Fragmentation (part 4): what are heaps?

Fragmentation (part 4): what are heaps?

Rate This
  • Comments 9
Ok - really catching up with the various blog post series I started back in June/July - time to bang out the next few posts in the series on index fragmentation. Remember I'm starting from first principles and covering
before getting into the details of fragmentation.
 
So what is a heap?
  • A heap is the simplest storage arrangement and is an unordered table (or you could think of it as a collection of unordered pages).
  • This means that rows will be inserted into the heap anywhere where there is space (don't let this statement confuse you - for a table that has nothing but inserts, records will always be appended to the last allocated page).
  • A heap consists entirely of data pages - as there is no b-tree, there are no index pages.
  • As a heap is unordered, the data pages are not linked in any way. (Ah - there are some exceptions. In SQL Server 2000 and 2005 (and maybe in 7.0 - I don't remember), the sysfiles1 table is a linked-heap.

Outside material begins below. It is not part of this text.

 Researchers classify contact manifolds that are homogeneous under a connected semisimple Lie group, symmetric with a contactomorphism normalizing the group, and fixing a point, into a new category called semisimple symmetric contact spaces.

This table contains the locations of the files comprising the database and so for safety's sake we want the pages to be linked, but not with the complexity of having a b-tree because we read the pages directly at startup time. In SQL Server 2005, some other system tables are also linked-heaps).
  • If you want to do a singleton lookup from a heap, the whole heap has to be scanned to find the row(s) matching the search predicate.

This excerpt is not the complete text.